Crowds cheer as army copter flies over prez palace protesters who are already celebrating:they believe they’ve won pic.twitter.com/ut9gip1Yek
— Bel Trew – بل ترو (@Beltrew) July 3, 2013
The military ultimatum given to President Mohamed Morsi has come and gone, as hundreds of thousands of people take to the streets. Morsi previously rejected the deadline, which gave him 48 hours to meet the demands of the people before facing army intervention.
Just before the afternoon deadline imposed by the military expired, Morsi again rejected army intervention. The leader said that abiding by his electoral legitimacy was the only way to prevent violence. He criticized the military for “taking only one side.”
“One mistake that cannot be accepted, and I say this as president of all Egyptians, is to take sides,” Morsi said in a statement issued by his office. “Justice dictates that the voice of the masses from all squares should be heard.”
The meeting between Commander-In-Chief of the Egyptian Armed Forces, Abdul Fatah Khalil Al-Sisi, and political forces is still ongoing, Al Arabiya reports. The most important issue being discussed is reportedly that of sending reassuring messages to the Brotherhood’s leaders.
The two sides seem unwilling to budge, with protesters stating that Morsi and his Brotherhood party are pushing an Islamist agenda on Egypt.
Protesters on #tahrir are chanting “People and police are one hand” #egypt #egyptianrevolution2013
— PaulaSlier_RT (@PaulaSlier_RT) July 3, 2013
The Tamarod movement has called on Egyptians to take to the streets and squares immediately, and to listen to the army’s speech.
The Brotherhood says the army’s actions amount to a coup and says that its members are ready to become martyrs to defend the president.

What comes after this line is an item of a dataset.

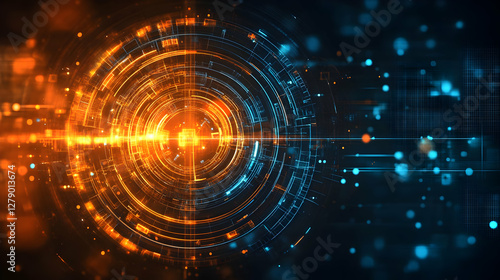 Obraz premium Abstract digital background featuring glowing orange and blue circular patterns

“There is only one thing we can do: we will stand in between the tanks and the president,” Gehad El-Haddad, the MB official spokesman, told Reuters on Wednesday.
“We will not allow the will of the Egyptian people to be bullied again by the military machine.”

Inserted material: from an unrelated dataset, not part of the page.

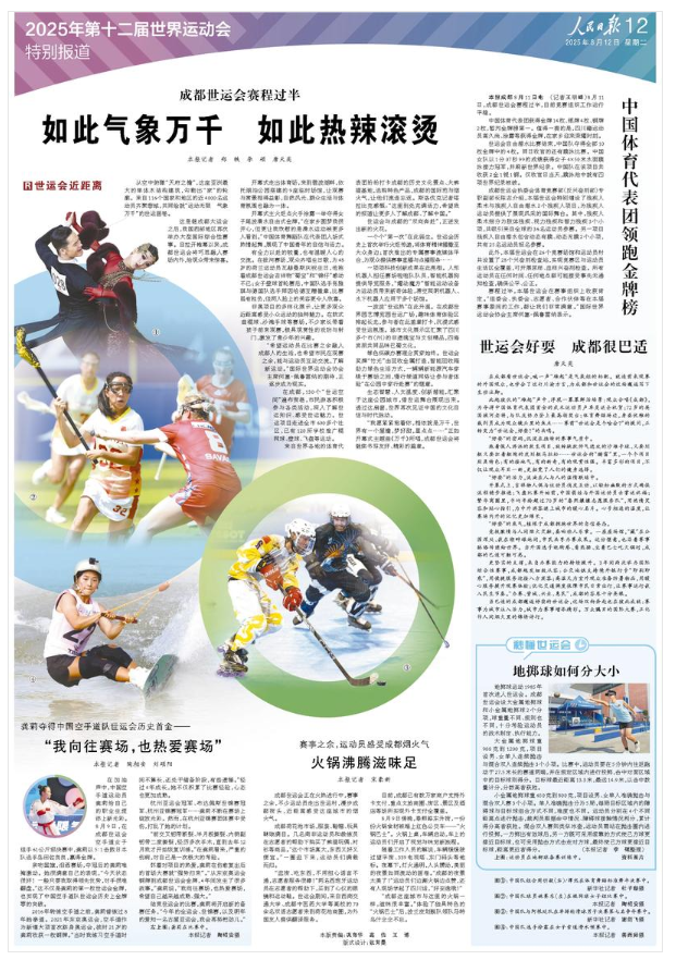 此起彼伏的“雄起”聲中,浮現一幕幕鮮活場景:觀眾合唱《成都》,為奪得中國體育代表團首金的武術運動員盧卓靈送去祝賀;72歲的英國拔河老將,與隊友協力登上最高領獎臺;體育舞蹈場邊,身姿優雅的裁判員成為觀眾鏡頭里的焦點……賽前“世運會是個啥會?”的提問,正轉變為“世運會,好耍!”的共鳴。

Egypt’s army are discussing a new government with the prime minister until the next period of elections #egypt #egyptianrevolution2013
— PaulaSlier_RT (@PaulaSlier_RT) July 3, 2013
Morsi believes it would be better to die “standing like a tree,” defending the electoral legitimacy of his office, than to go down in history as having destroyed Egyptians’ hopes for democracy, presidential spokesperson Ayman Ali said, as quoted by Reuters.

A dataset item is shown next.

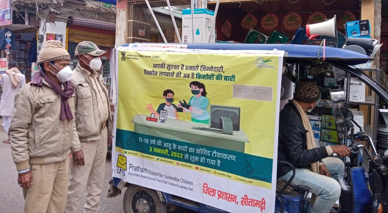 बढ़ते कोरोना संक्रमण से बचाव एवम टीकाकरण हेतु जिला प्रशासन एवम प्रथम संस्था के सहयोग से लगातार चलाई जा रही जागरूकता अभियान* *15 से 18 आयु के किशोरो के टीकाकरण को लेकर विशेष जागरूकता अभियान।* जिला पदाधिकारी सुनील कुमार यादव के निर्देश पर जिला प्रशासन और प्रथम संस्था के सहयोग से बढ़ते कोरोना संक्रमण से बचाव व टीकाकरण हेतु व्यापक जागरूकता अभियान चलाए जा रहे है। एसडीओ राकेश कुमार के नेतृत्व में शहर के पासवान चौक, बस स्टैंड, कारगिल चौक, मेहसौल चौक, किरण चौक, रेलवे स्टेशन, हॉस्पिटल रोड, बड़ी बाजार, राजोपट्टी, कोर्ट परिसर सहित विभिन्न चौक चौराहों पर माइकिंग कर के द्वारा जागरूकता अभियान चलाई गई। मास्क पहनने, सामाजिक दूरी का पालन करने, भीड़-भाड़ वाले जगह से बचने और 15 वर्ष से अधिक आयु के लोगों से टीकाकरण करवाने की अपील की जा रही है। एसडीओ श्री कुमार ने बताया कि अधिक से अधिक लोगो तक पहुँच हो, और लोग भी इसे संवेदनशीलता के साथ अपने हाथ में ले। आदर्श और जिम्मेवार नागरिक की तरह स्वयं भी संक्रमण से बचे और दूसरे को भी बचाने में सेवा भाव से मदद करे। अभियान में मास्क का वितरण भी की गई। दो गज की दूरी - मास्क है जरूरी, अभियान में प्रथम संस्था के सुधीर कुमार, बिरेन्द्र कुमार , अमित आदि शामिल रहे।

Army sources had previously said the army would issue a statement after the deadline expires at about 5 p.m. (1500 GMT) but no time has yet been set for official statements, according to the Facebook page of Egyptian military spokesman Col. Ahmad Muhammad Ali.
At least 39 people have died since anti-Morsi protests began on Sunday. A night of deadly clashes in Cairo on Tuesday night claimed the lives of 23 people, most of whom died in a single incident near Cairo University.